Overall, by mid-September, only 0.1 percent of Russia’s schools had gone into quarantine due to the coronavirus or respiratory infections. By October 5, 0.29 percent of all schools had already closed (that’s approximately 150 educational institutions). Exactly how many teachers and students have been infected remains unknown, however, about a thousand teachers came down with the coronavirus in the first week of September alone. In conversation with Meduza, Anton Barchuk underscored that between 8 and 12 percent of students and teachers being ill or having been ill can now be considered the norm. Sergey Ovagin added that once 20 percent of students are sick, the schools should be closed.
Epidemiologists predicted a spike in incidence of the coronavirus in Russia in the fall from the start, but this wasn’t just linked to schools being back in session, Anton Barchuk notes. “In September, life begins in many cities: the academic year for universities, the work year. People start interacting more often, there’s more meetings, gatherings, traveling on public transport. Together, this all led to a natural increase in cases.”

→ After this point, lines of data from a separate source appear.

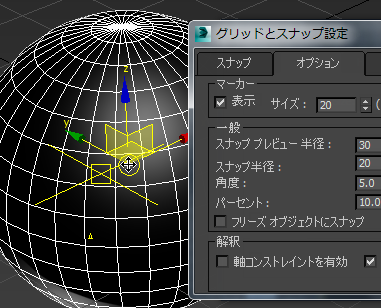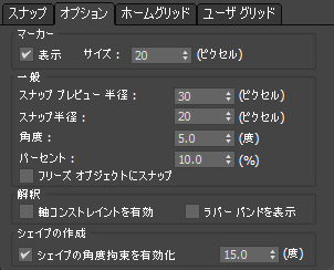 [グリッドとスナップ設定](Grid And Snap Settings)ダイアログ ボックスの[オプション](Options)パネルで、スナップに関するオプションを設定します。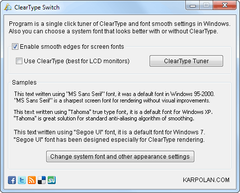 Options for text anti-aliasing ("Smooth edges of screen fonts") and ClearType are located in different places depending on Windows version. This is very annoying and confuses users much! In Windows XP all these options are accessible via "Display properties" -> "Appearance" -> "Effects". Quite logical, isn't it?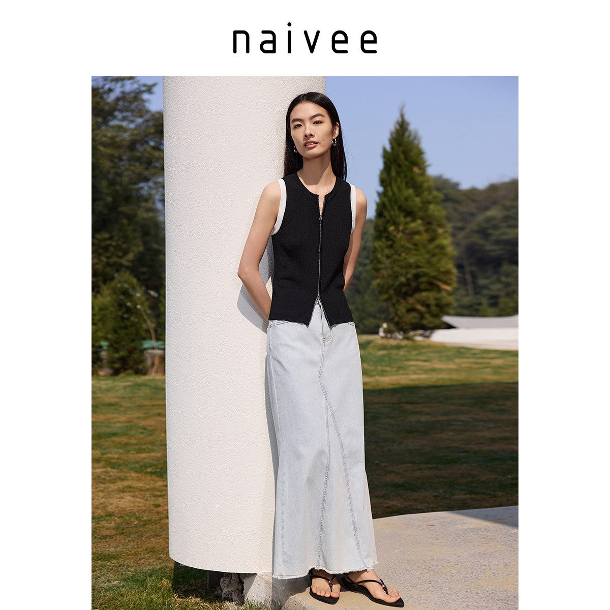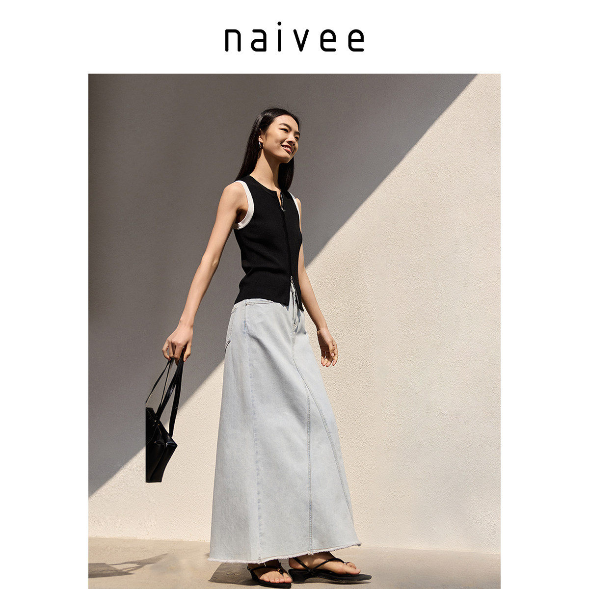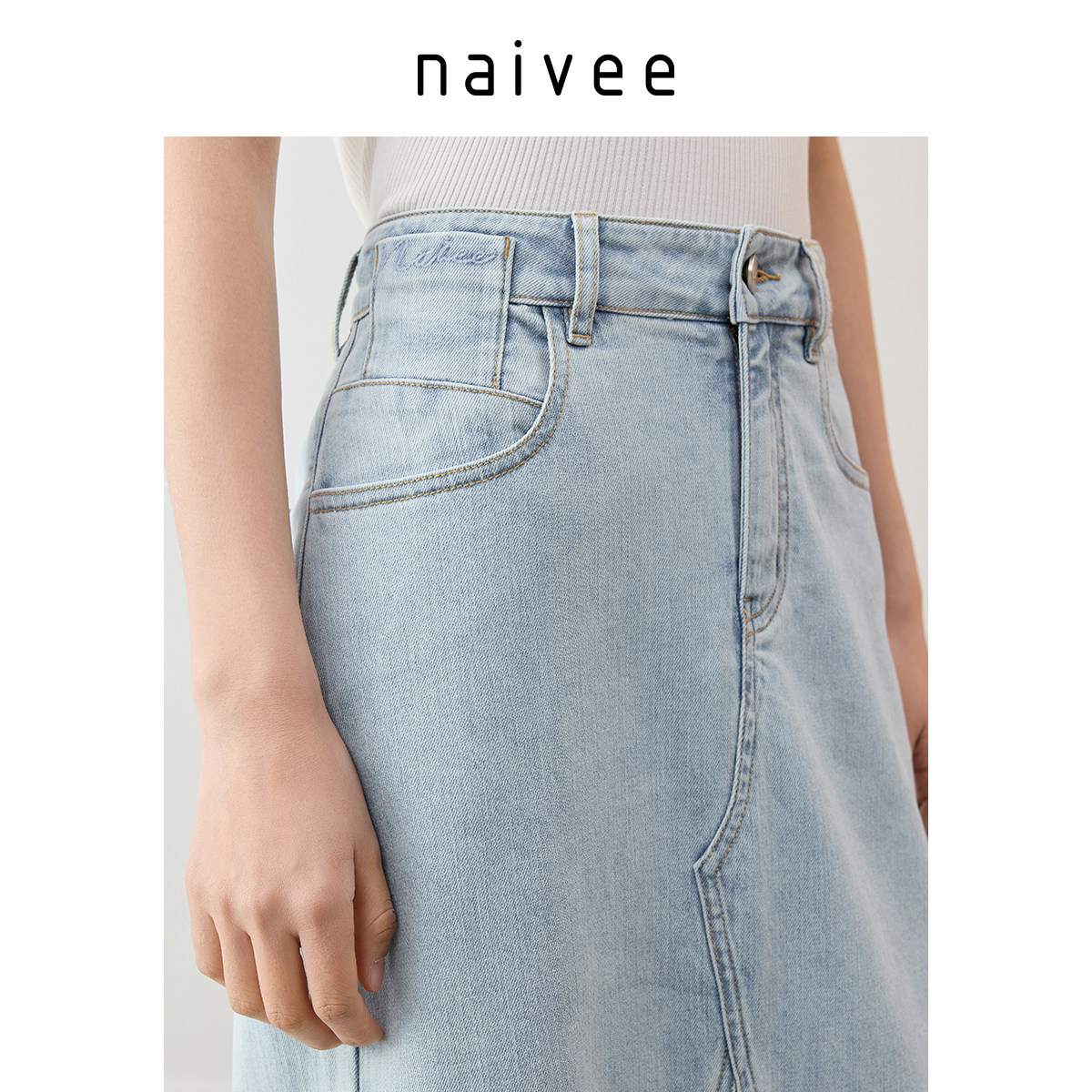 商场同款naivee纳薇浅色牛仔裙女25夏新款度假风休闲宽松a字长裙

Barchuk says that epidemiologists still don’t have enough information about the virus to draw accurate conclusions about whether or not schools in particular are sources of mass infection. “There’s still no general consensus on schools, but in many European countries where restrictive measures are being applied, they don’t view schools as the main source of infection. In Scandinavia, they’re trying not to close them. If they’re introducing measures, then it [should be] restrictions on the work of bars and restaurants, universities, and those that can be switched to remote work,” he says.